### Directions
Could you write out, exactly as they stand, only the lines in the listing below from the line with "Caribou came out" to the line with "- Moreira, K.E.;", both ends included, without the pictures?

-----

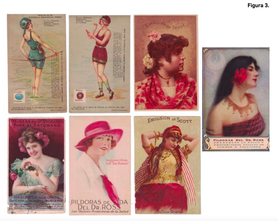 Lanman & Kemp de Nueva York, preparaba la zarzaparrilla y las píldoras de Bristol; la primera con muchas y muy antiguas utilidades terapéuticas y las segundas, también compuestas con vegetales, recomendadas para enfermedades del hígado, jaqueca, mareos y desarreglos biliosos. Eran publicitadas con imágenes de mujeres (11,5 x 7,5 cm) en representación de las estaciones del año. Tenemos la del invierno, el verano y el otoño (Figura 4).
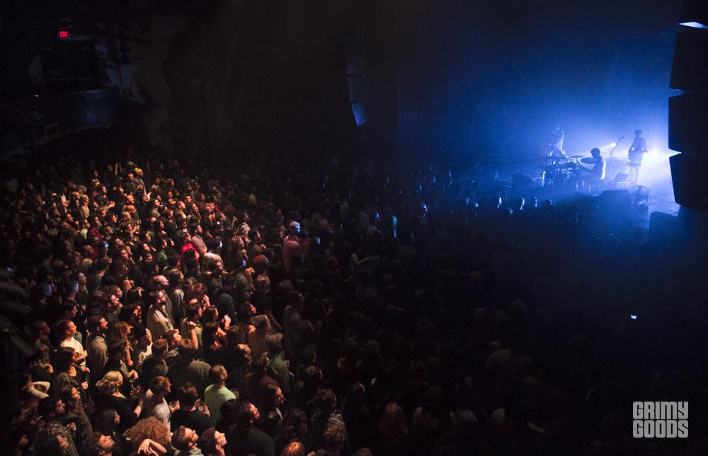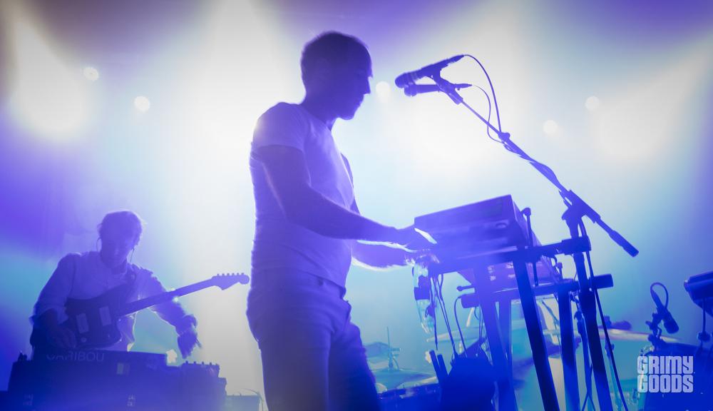 Caribou came out all dressed in white with two drum sets facing one another. They were pretty much perfectly silhouetted most of the night like the band members themselves didn’t matter and that it was all about the music. The back lighting gave off a spectacular show of red blues, yellows along with some intense strobe lighting, setting the tone for an almost spiritual experience. The music was hard hitting and the bass was deep. Not only were the doors of the emergency exits rattling but i could feel my bones and heart shaking in my body, it makes you realize just how powerful sound/music really is in the figurative and the literal sense. It makes you feel so small as though you were standing in an abyss all alone, and when I say all alone I mean with 1,200 people whose bodies are also feeling the boom.
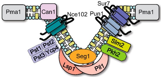 - Moreira, K.E.; Schuck, S.; Schrul, B.; Frohlich, F.; Moseley, J.B.; Walther, T.C.; Walter, P. Seg1 controls eisosome assembly and shape. J. Cell Biol. 2012, 198, 405–420. [Google Scholar] [CrossRef] [PubMed]
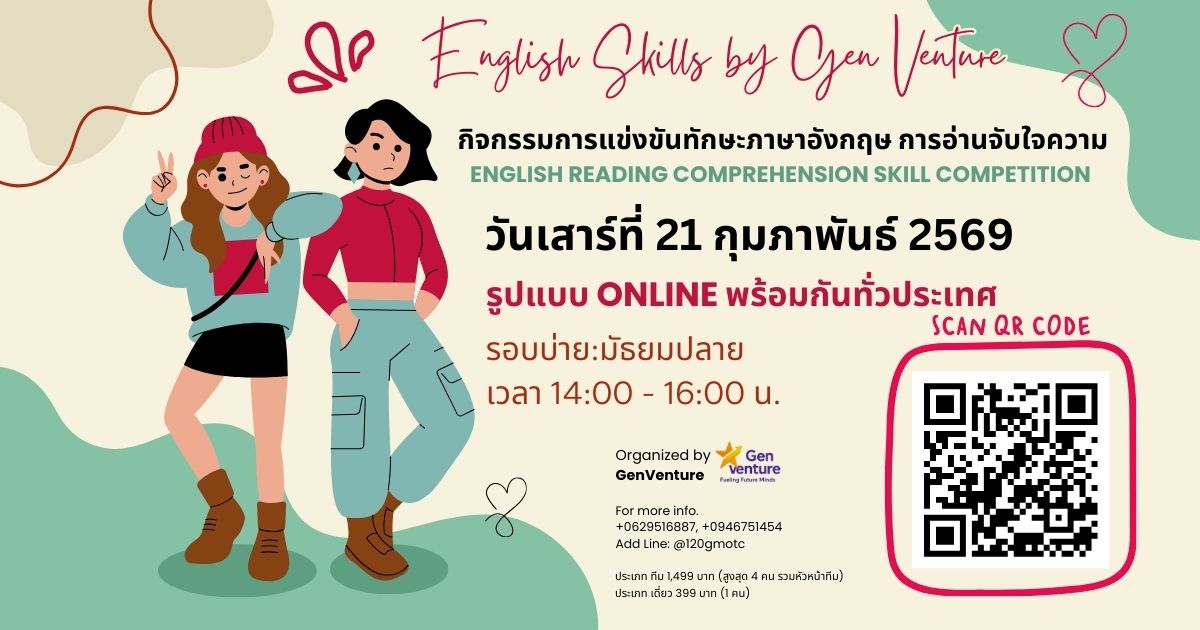 ในโลกที่ภาษาอังกฤษไม่ใช่แค่ “วิชาหนึ่งในห้องเรียน” แต่คือทักษะสำคัญในการเรียนรู้ คิดวิเคราะห์ และเปิดโอกาสสู่อนาคต Youth English Reading Comprehension Contest จึงถูกออกแบบขึ้นเพื่อเป็นเวทีที่ช่วยให้นักเรียนได้ “อ่านอย่างเข้าใจ คิดอย่างมีเหตุผล และมั่นใจในศักยภาพของตนเอง” การแข่งขันนี้มุ่งเน้นการพัฒนาทักษะ English Reading Comprehension สำหรับนักเรียนระดับมัธยมปลาย อายุ 16–18 ปี ผ่านรูปแบบการแข่งขันออนไลน์ที่เข้าถึงได้จากทุกที่ ผู้เข้าแข่งขันสามารถเลือกเข้าร่วมได้ทั้ง ประเภทเดี่ยว และ ประเภททีม เพื่อเรียนรู้ทั้งการพัฒนาตนเอง และการทำงานร่วมกับผู้อื่น ตลอดการแข่งขัน นักเรียนจะได้ฝึกการอ่านเชิงลึก การคิดวิเคราะห์ การตีความ และการตัดสินใจ ในบรรยากาศที่ทั้ง ท้าทาย สนุก และปลอดภัยทางการเรียนรู้ ไม่ใช่เพื่อวัดว่าใครเก่งกว่าใคร แต่เพื่อให้ทุกคนได้ “แข่งขันกับตัวเอง” และค้นพบศักยภาพที่แท้จริง โครงการนี้ริเริ่มโดย GenVenture ตั้งแต่ปี 2567 และก้าวเข้าสู่ปีที่ 3 ในปี 2569 จนถึงปัจจุบัน มีเยาวชนเข้าร่วมกิจกรรมแล้วมากกว่า 500 คนจากทั่วประเทศ สะท้อนถึงความเชื่อมั่นของผู้ปกครอง โรงเรียน และนักเรียน ที่มองเห็นคุณค่าของการพัฒนาทักษะภาษาอังกฤษอย่างมีเป้าหมาย Youth English Reading Comprehension Contest ไม่ใช่เพียงการแข่งขัน แต่คือพื้นที่แห่งการเรียนรู้ แรงบันดาลใจ และก้าวแรกของการเติบโตทางวิชาการ ที่ช่วยเตรียมความพร้อมให้เยาวชนก้าวสู่อนาคตอย่างมั่นใจ
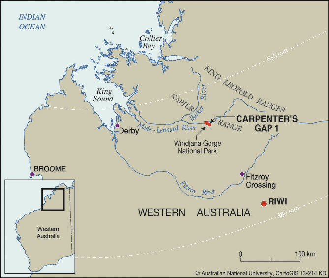 In 2021, Scientists announced that they had found kangaroo bone tools in layers dated to between 35,000 and 46,000 years ago in Riwi Cave, about 90 kilometres south-east of Fitzroy Crossing in the Kimberley region of Western Australia. They are among the oldest tools ever found in Australia. A bone tool found at Carpenter’s Gap 1 (also in the Kimberley) has also been dated to under 46,000 years old. [Source: Amalyah Hart, Cosmos, April 7, 2021]

-----

### Response area
 Caribou came out all dressed in white with two drum sets facing one another. They were pretty much perfectly silhouetted most of the night like the band members themselves didn’t matter and that it was all about the music. The back lighting gave off a spectacular show of red blues, yellows along with some intense strobe lighting, setting the tone for an almost spiritual experience. The music was hard hitting and the bass was deep. Not only were the doors of the emergency exits rattling but i could feel my bones and heart shaking in my body, it makes you realize just how powerful sound/music really is in the figurative and the literal sense. It makes you feel so small as though you were standing in an abyss all alone, and when I say all alone I mean with 1,200 people whose bodies are also feeling the boom.
 - Moreira, K.E.; Schuck, S.; Schrul, B.; Frohlich, F.; Moseley, J.B.; Walther, T.C.; Walter, P. Seg1 controls eisosome assembly and shape. J. Cell Biol. 2012, 198, 405–420. [Google Scholar] [CrossRef] [PubMed]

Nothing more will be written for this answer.